Data in this exercise:
━━━━━━

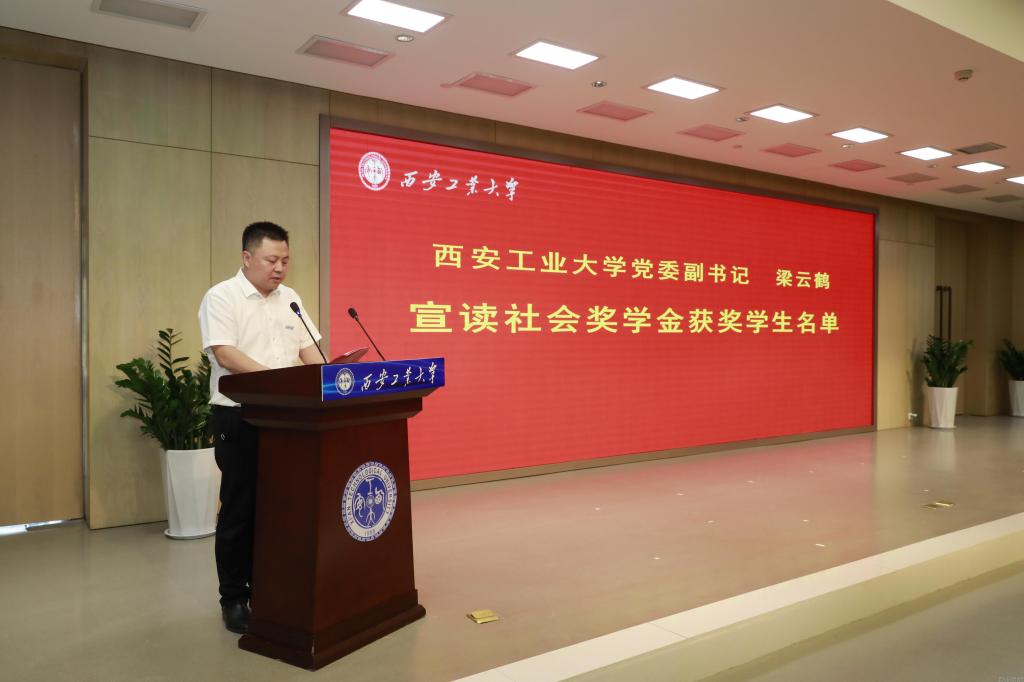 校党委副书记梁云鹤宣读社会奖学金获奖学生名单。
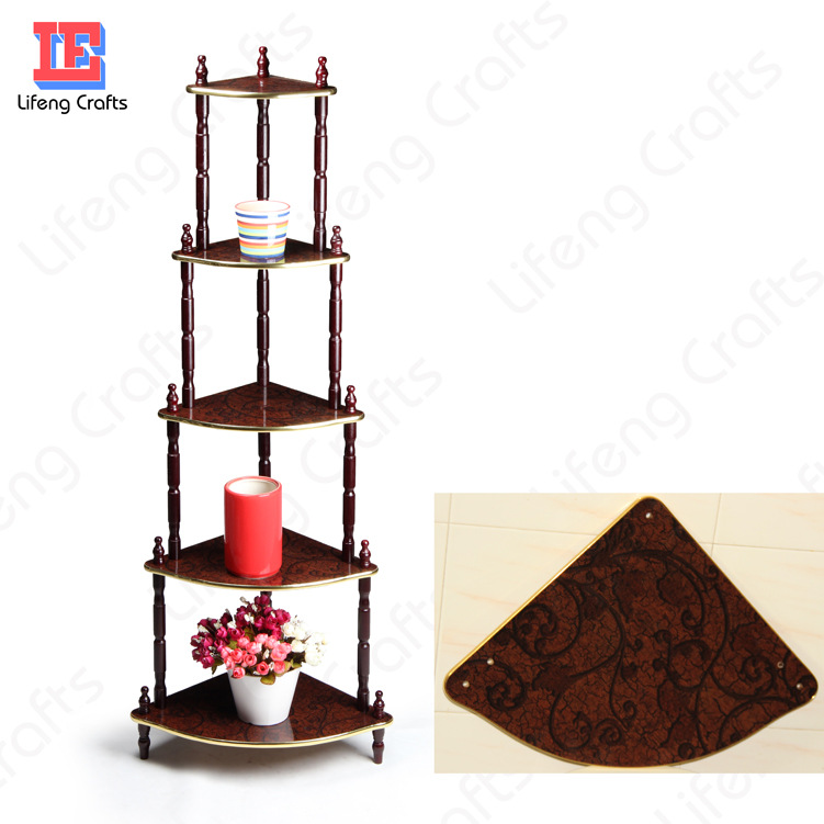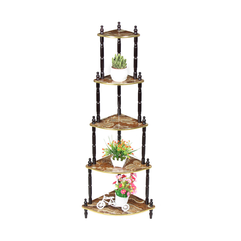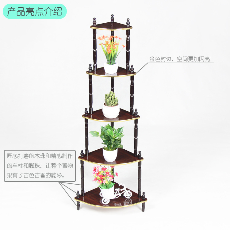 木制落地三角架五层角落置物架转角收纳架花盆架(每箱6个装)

━━━━━━

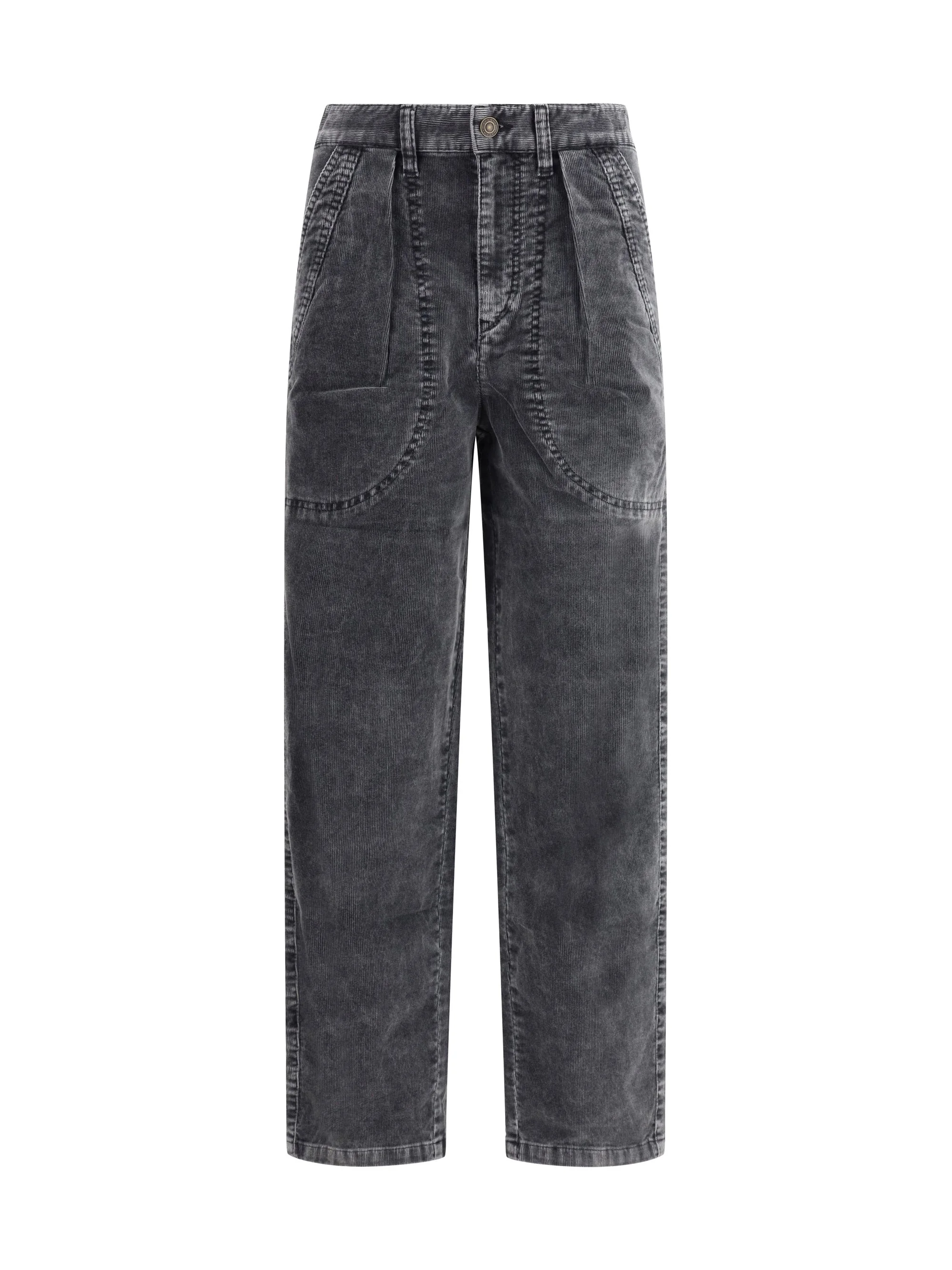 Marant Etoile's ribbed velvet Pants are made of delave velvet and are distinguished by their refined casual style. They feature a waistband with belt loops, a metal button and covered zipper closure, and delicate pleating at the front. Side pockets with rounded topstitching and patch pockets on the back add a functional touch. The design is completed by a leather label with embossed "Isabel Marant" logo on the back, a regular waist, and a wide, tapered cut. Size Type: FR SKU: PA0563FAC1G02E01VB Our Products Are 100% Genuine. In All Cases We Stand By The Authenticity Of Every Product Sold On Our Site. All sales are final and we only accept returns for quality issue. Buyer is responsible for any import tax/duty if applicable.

━━━━━━

Action item: Copy out exactly the material that runs from the line with "校党委副书记梁云鹤宣读社会奖学金获奖学生名单。" to the line with "木制落地三角架五层角落置物架转角收纳架花盆架(每箱6个装)", ends included, and leave the pictures behind.

Task answer:
 校党委副书记梁云鹤宣读社会奖学金获奖学生名单。
 木制落地三角架五层角落置物架转角收纳架花盆架(每箱6个装)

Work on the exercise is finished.